Department of Community Medicine, Vardhman Mahavir Medical College and Safdarjung Hospital, New Delhi, India.
Paediatr Perinat Epidemiol. 2014 Mar;28(2):127-37. doi: 10.1111/ppe.12098. Epub 2013 Dec 20.
Reducing the global total of 3.3 million neonatal deaths is crucial to meeting the fourth Millennium Development Goal. Until recently, attention has been on the medical causes of the neonatal deaths, while the social factors contextualising these deaths have largely remained unaddressed. The current review aimed to quantify the role of these factors in neonatal deaths.
A systematic search was performed through PubMed, Google scholar, Cochrane library, Medline, IndMed, Embase, World Health Organization and Biomed central databases. Studies published from 1995 to 2011 were included. Random effects meta-analysis was performed to derive at an estimate of the burden of delays, as defined by the 'three delays model' by Thadeus and Maine.
A total of 17 studies were reviewed. The majority of them (n = 10) were from the African continent. Level 3 delay, i.e. delay in receiving appropriate treatment upon reaching a health facility (38.7%, 95% CI, 21.7%-57.3%) and delay in deciding to seek care for the illness (Level 1 delay) (28%, 95% CI, 16%-43%) were the major contributors to neonatal deaths. Level 2 delay, i.e. delay in reaching a health facility (18.3%, 95% CI, 2.6-43.8%) contributed least to the neonatal deaths.
Creating awareness among caregivers regarding early recognition and treatment seeking for neonatal illness along with improving the quality of neonatal care provided at the health facilities is essential to reduce neonatal mortality.
降低全球 330 万新生儿死亡总数对实现第四个千年发展目标至关重要。直到最近,人们一直关注导致新生儿死亡的医学原因,而导致这些死亡的社会因素在很大程度上仍未得到解决。本综述旨在定量评估这些因素在新生儿死亡中的作用。

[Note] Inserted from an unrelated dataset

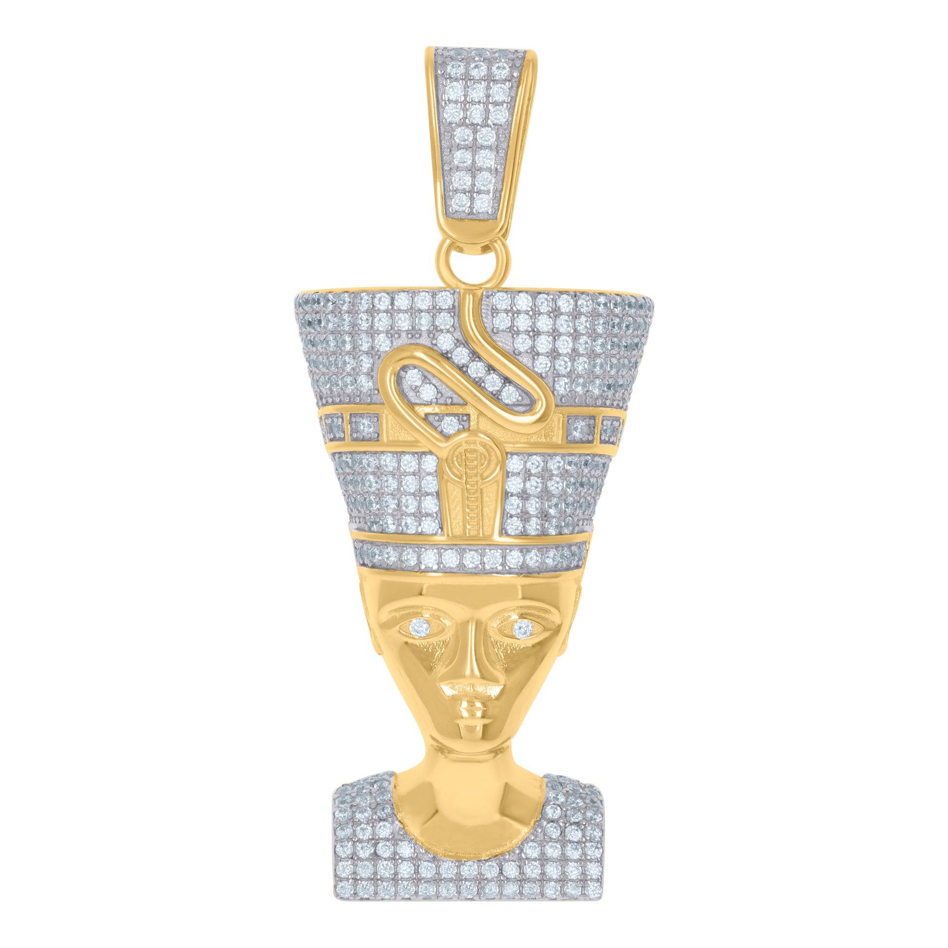 925 Sterling Silver Yellow-Tone Men Cubic-Zirconia Nefertiti Egyptian Fashion Charm Pendant

通过 PubMed、Google Scholar、Cochrane 图书馆、Medline、IndMed、Embase、世界卫生组织和 Biomed Central 数据库进行了系统搜索。纳入了 1995 年至 2011 年期间发表的研究。采用随机效应荟萃分析来评估“三个延迟模型”中定义的延迟(由 Thadeus 和 Maine 提出)的负担。
共审查了 17 项研究。其中大多数(n=10)来自非洲大陆。第三个延迟,即到达医疗机构后接受适当治疗的延迟(38.7%,95%CI,21.7%-57.3%)和决定因疾病寻求治疗的延迟(一级延迟)(28%,95%CI,16%-43%)是导致新生儿死亡的主要原因。第二个延迟,即到达医疗机构的延迟(18.3%,95%CI,2.6-43.8%)对新生儿死亡的贡献最小。
提高护理人员对新生儿疾病的早期识别和治疗意识,并提高医疗机构提供的新生儿护理质量,对于降低新生儿死亡率至关重要。